E mesmo com esta qualificação, o crescimento do Reino Unido é, na verdade, um dos mais baixos, dado um ponto de partida muito baixo. (Ver gráfico 1) O Reino Unido tem um crescimento muito mais lento do que a França, a Alemanha, o Japão e os EUA. Além disso, está num nível muito inferior ao de 2008. Além disso, deixa de fora os desempregados que desistiram de procurar emprego e os jovens que nem sequer estão a tentar arranjar emprego, as empresas que simplesmente morreram e os sub- economias que estão encolhendo. E o pagamento per capita, mesmo tendo em conta os enormes ganhos de riqueza no topo, é 8% inferior ao de 2010 – um período de “recuperação” da crise.

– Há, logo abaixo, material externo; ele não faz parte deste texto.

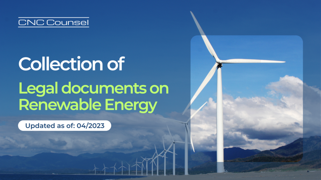 CNC hereby presents a collection of legal documents on Renewable Energy updated to 04/2023. This list of Renewable Energy legal documents is arranged according to three basic rules, as follows:

A medida básica do PIB per capita também deixa de lado o facto de que cada vez mais famílias britânicas têm dívidas crescentes, tal como o governo. (Ver Gráfico 2).
Também deixa de fora o carácter distorcido do mercado imobiliário, uma tendência bastante generalizada em países muito diferentes, mas extrema no caso do Reino Unido. É bem sabido que Londres é um dos mercados imobiliários mais caros. Mas na verdade é todo o Reino Unido que tem preços extremamente elevados. (Ver GRÁFICO 3). Uma análise da agência Fitch Ratings sobre os preços das casas em comparação com os rendimentos mostra que o mercado imobiliário de Londres é o mais caro de um seleto grupo de cidades globais.
CONCLUSÃO
Esta limpeza económica equivale a uma série de expulsões que assumem formas específicas em cada lugar, seja no Sul Global ou no Norte Global, Leste ou Oeste. E abrangem conteúdos específicos em diversos domínios –economia, sociedade, política. Na verdade, são tão específicos em cada lugar e domínio que é difícil ver que possam ser manifestações superficiais de tendências mais profundas que hoje atravessam as divisões familiares. Cada uma dessas expulsões específicas tende a ser estudada por uma disciplina especializada focada exclusivamente nela mesma. Assim, para mencionar apenas dois exemplos, os especialistas em desemprego de longa duração no Norte Global não estudam os deslocados no Sul Global. E, no entanto, é possível que, no nível básico, sejam uma resposta básica de um sistema: você está fora.